Matt F Castle wrote on Mon, 19 October 2009 06:25

Hi Silas,

Amps are QSC PL4.0’s, clip limiters turned on, with the LMS limiters set so they can just briefly light the clip lights on peeks.   Processor is a BSS Omnidrive (sub out mono summed, L-R 24dB high pass @ 38hz), one box per channel and were being used with 2 boxes per side when they failed.  

If it was purely a bad signal or clipping issue I would have expected to see similar damage in all the cab’s (identical drive signal to all channels & amp configuration).

I’m also still miffed by the driver that has failed open circuit with no other visible damage, that still suggests to me that it failed first (while operating within it’s spec’s) and thus causing its partner to over exert it’s self with the increased power (becoming a 6ohm/8ohm load) and reduced front loading.  Which to me would make sense that it’s then moved so far as to rip the voice coil from the cone, without any visible over heating effects on the voicecoil.  I also find it hard to believe that that sort of failure would be caused by an air leak as I would have thought there would be physical damage due to over excursion.

And my thinking would also be that if it was the 2nd to fail it would have ripped it’s self to bits or at least had visible over excursion damage.  

Can anyone suggest if that is a likely failure scenario or shoot down my thinking?


They do get used in singles quite often and this is the first failure I’ve had in about 18 months of use.

Will certainly be double checking all the joins and running some silicon sealer around everywhere inside before replacing the drivers in them.  Certainly don’t want to suffer any more issues with them for a long while……

M



The joy of electronics failures-sometimes you get to see the "magic smoke" escape, many times the death is the invisible hand of physics.
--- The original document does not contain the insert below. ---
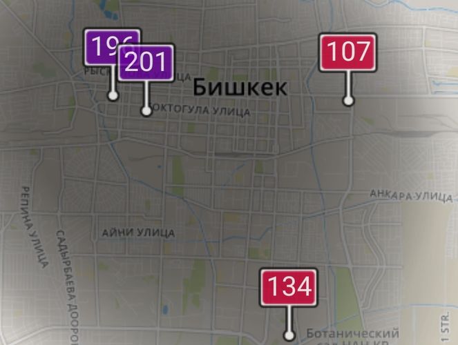 • в районе улиц Бейшеналиевой/Токтогула. Уровень загрязнения превышен в 4,34 раза: PM2.5 среднесуточный — 152 мкг/м³, на момент измерения — 196 мкг/м³;

If you're working the LABs out regularly, 18 months is not a bad track record.  What type of gigs are you doing with them?

And yes, I tend to agree that the first one went open, then caused a boatload of extra power to feed into driver #2, and hastened it's demise.

No burnt voice coils would tell me to look for separation in the voice windings or some other break.  The failure may not present itself even after surgery.